The existence of redhibitory defects is a question of fact which should not be disturbed in the absence of manifest error. Arnold, supra.
We first examine the vehicular defects complained of by Laing. Laing testified that, within a week of purchasing the vehicle, the vehicle's starter required replacement, for which Laing paid Bastrop approximately $125. Laing stated that, during this repair, he was without use of the vehicle for a weekend. He further testified that, within a month of purchasing the vehicle, the vehicle blew a head gasket, which was replaced by Bastrop at a cost to Laing of approximately $500. Additionally, Laing testified that at the time the second payment on the car was due, the transmission started "slipping." No further evidence was presented, however, regarding the nature and effect of any transmission problems or repairs.
In his oral reasons for judgment, the trial judge noted that the vehicle experienced mechanical difficulties almost immediately after purchase and that Laing paid for the repairs to the starter and head gasket. The trial judge further stated that the vehicle was subsequently sold wholesale by Ford for approximately sixty percent of the retail price paid by Laing. The trial judge found Laing to be entitled to a reduction in the purchase price.
We cannot say the trial judge was manifestly erroneous in finding Laing entitled to a reduction in price due to the difficulties with the starter and head gasket. We do not find a reduction in the amount of $2,500, however, to be justified on the record before us. The evidence shows that Laing paid approximately $125 for the repair of the starter and approximately $500 for the repair to the head gasket. Laing is entitled, therefore, to a judgment in quanti minoris for $625. The record does not support, however, a reduction by an additional $1,875. While Laing testified to difficulties with the transmission, no evidence was presented to indicate whether this problem was due to a redhibitory vice or to other causes. We further note that no evidence was presented to prove the amount to which the actual purchase price should have been reduced had Laing proven the transmission to be a defect warranting further *1287 reduction. We amend, therefore, to reduce the award to Laing to $625, which represents the costs of repairing the starter and head gasket.
Attorney Fees
To recover attorney fees the buyer must prove knowledge of the defect by the seller. La. C.C. art. 2545; Williamson v. Strange, 323 So.2d 875 (La.App. 2d Cir.1975). In the instant case, Laing presented no evidence of actual or constructive knowledge of the defects by Bastrop. Since Bastrop was not shown to have had knowledge of the defects at the time of the sale, the trial court erred in allowing Laing attorney fees. We amend the judgment to delete the award to Laing of $1,200 in attorney fees.
CONCLUSION
For the foregoing reasons, we amend the judgment to award Laing a total of $625 as a reduction on the purchase price of the vehicle and to delete the award of attorney fees. Costs are to be divided equally between Laing and Bastrop.

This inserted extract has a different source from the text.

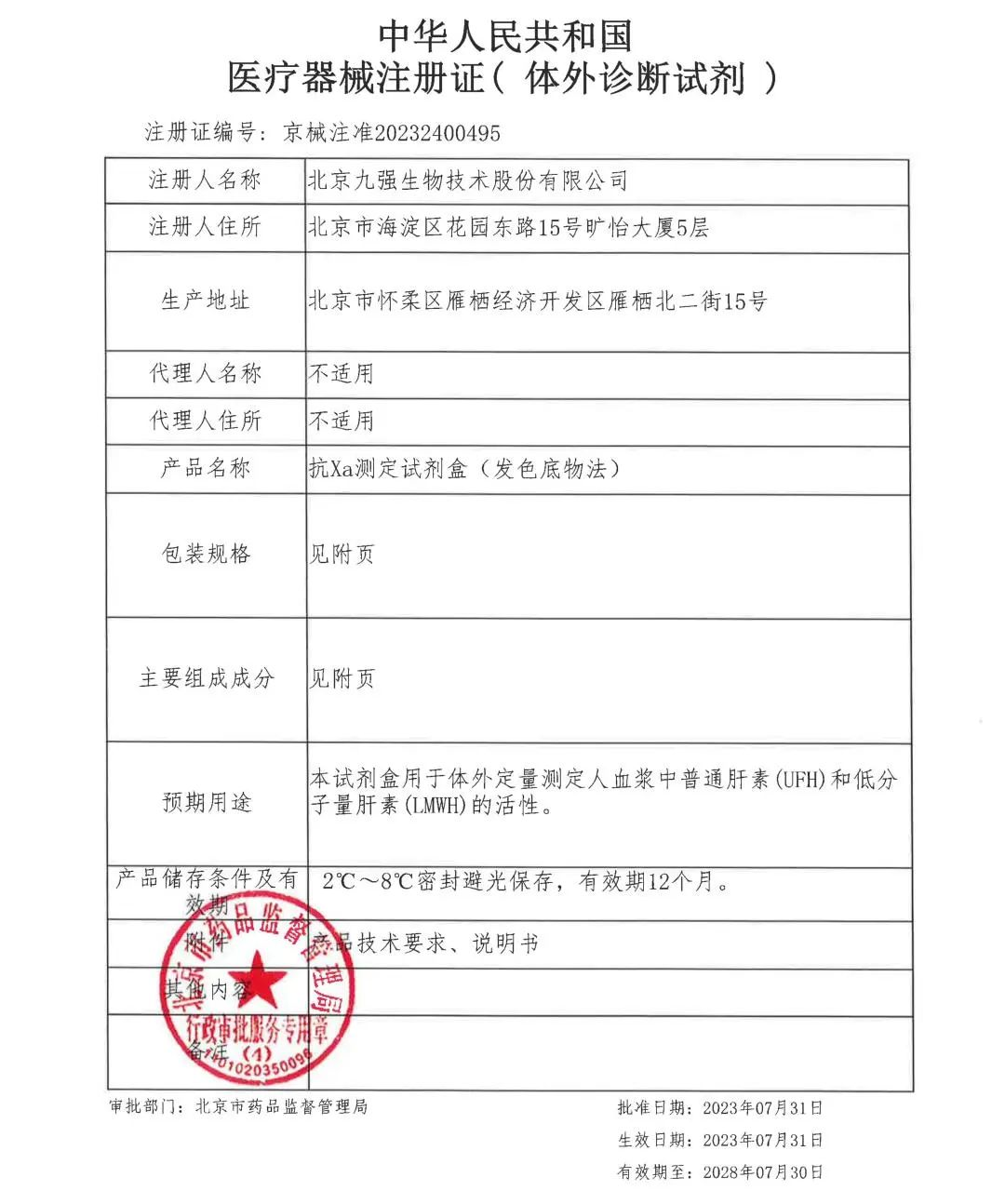 接受訂貨!九強生物抗Xa測定試劑盒獲得醫(yī)療器械注冊證!

AMENDED AND, AS AMENDED, AFFIRMED.
NOTES
[1] We note that the retail installment contract between Bastrop and Laing contained a "Waiver of Warranties" section in which the buyer could choose to waive the right to bring an action in redhibition. Laing did not, however, execute this portion of the contract.
[2] Pursuant to Acts 1993, No. 841, Section 1, the civil code articles on redhibition were revised effective January 1, 1995. Because the legislature expressly provided in Section 4 of Act 841 that the provisions of the act were to have prospective application only and not to affect any sales transaction executed before the effective date, we apply the pre-1993 amendment law, which was in effect at the time Laing purchased the vehicle. See Hart v. Jack Mims, Inc., 29,734 (La.App.2d Cir. 1997) 698 So.2d 742.